### Directions for this task
Using the listing below, print the line containing "Object number: LH", the line containing "VR6 Bowrider – I/O & OB", and each line between them, exactly and nothing else. Pictures stay out of the print.

=== Records supplied ===

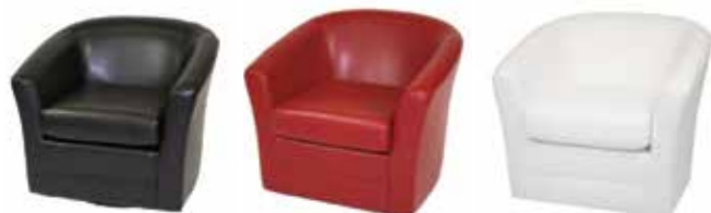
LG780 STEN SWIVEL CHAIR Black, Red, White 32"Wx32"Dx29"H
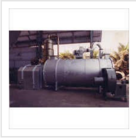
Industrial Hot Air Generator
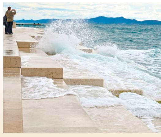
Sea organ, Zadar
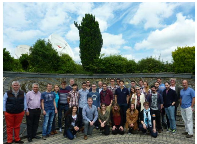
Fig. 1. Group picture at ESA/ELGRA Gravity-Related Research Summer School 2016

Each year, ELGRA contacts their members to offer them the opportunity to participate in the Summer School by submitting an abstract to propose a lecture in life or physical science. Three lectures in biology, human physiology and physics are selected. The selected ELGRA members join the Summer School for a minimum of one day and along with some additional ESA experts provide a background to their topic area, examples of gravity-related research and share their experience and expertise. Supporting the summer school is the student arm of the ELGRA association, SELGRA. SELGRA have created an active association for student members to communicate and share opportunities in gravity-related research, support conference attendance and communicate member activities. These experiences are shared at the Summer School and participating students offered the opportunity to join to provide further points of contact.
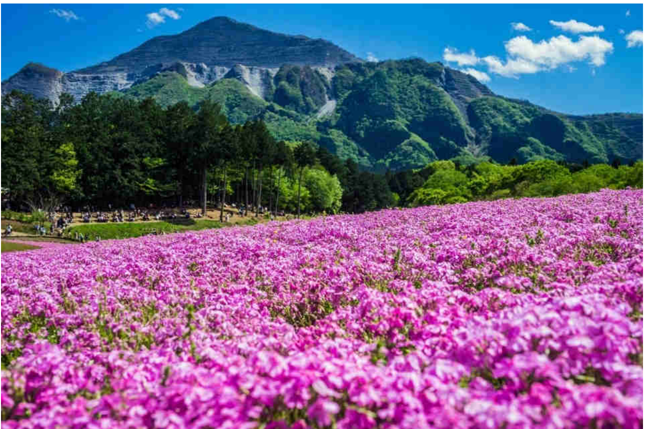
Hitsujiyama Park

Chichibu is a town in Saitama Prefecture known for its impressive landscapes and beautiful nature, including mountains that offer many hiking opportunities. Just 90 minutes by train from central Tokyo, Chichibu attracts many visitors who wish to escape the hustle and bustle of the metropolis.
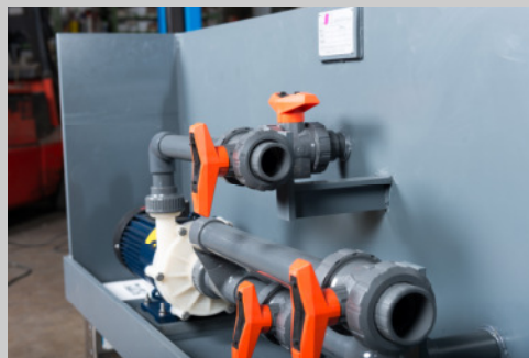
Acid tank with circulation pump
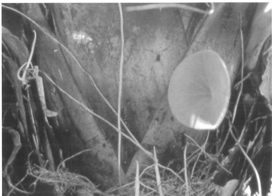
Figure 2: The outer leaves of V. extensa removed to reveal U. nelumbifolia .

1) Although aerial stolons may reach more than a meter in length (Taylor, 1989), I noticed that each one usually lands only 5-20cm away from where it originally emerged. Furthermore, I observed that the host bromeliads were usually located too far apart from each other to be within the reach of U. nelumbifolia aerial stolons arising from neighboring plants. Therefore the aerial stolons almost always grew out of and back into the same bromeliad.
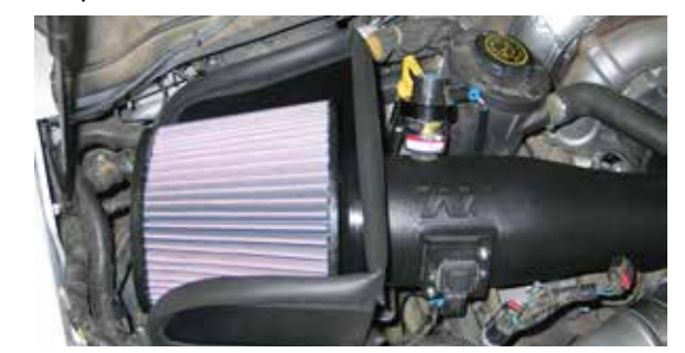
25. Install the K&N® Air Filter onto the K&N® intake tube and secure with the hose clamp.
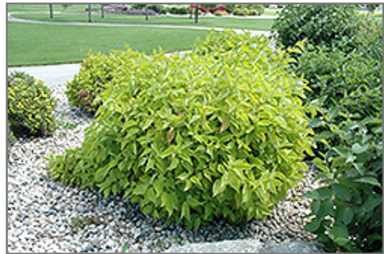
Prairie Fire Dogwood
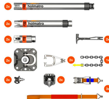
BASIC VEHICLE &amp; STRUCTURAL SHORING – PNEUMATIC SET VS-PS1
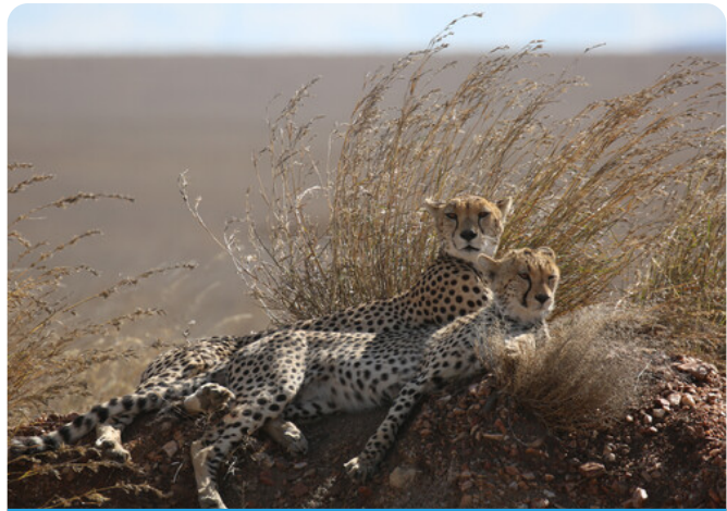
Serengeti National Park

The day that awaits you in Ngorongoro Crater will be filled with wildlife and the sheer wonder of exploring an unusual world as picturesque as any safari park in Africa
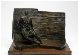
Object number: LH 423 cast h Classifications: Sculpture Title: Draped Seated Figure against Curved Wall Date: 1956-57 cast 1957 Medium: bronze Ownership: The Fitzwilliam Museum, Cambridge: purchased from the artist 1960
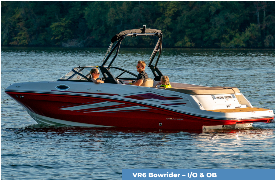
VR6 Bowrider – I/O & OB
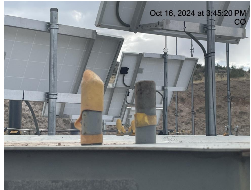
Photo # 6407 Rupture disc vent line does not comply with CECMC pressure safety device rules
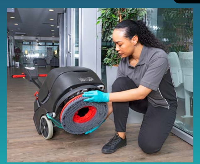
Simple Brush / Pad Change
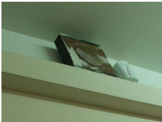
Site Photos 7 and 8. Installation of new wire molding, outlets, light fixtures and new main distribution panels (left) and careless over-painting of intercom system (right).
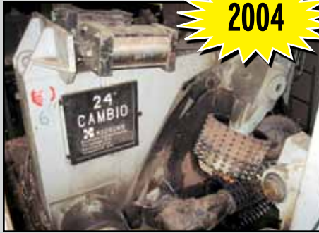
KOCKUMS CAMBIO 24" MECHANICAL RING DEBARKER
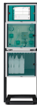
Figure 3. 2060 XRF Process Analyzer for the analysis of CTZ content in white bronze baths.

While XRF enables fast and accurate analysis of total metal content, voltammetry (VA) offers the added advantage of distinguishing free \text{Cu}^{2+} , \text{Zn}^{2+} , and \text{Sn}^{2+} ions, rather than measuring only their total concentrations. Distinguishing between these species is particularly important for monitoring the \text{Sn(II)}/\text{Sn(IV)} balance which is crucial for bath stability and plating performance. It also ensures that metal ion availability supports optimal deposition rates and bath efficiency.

===

### Task response
Object number: LH 423 cast h Classifications: Sculpture Title: Draped Seated Figure against Curved Wall Date: 1956-57 cast 1957 Medium: bronze Ownership: The Fitzwilliam Museum, Cambridge: purchased from the artist 1960
VR6 Bowrider – I/O & OB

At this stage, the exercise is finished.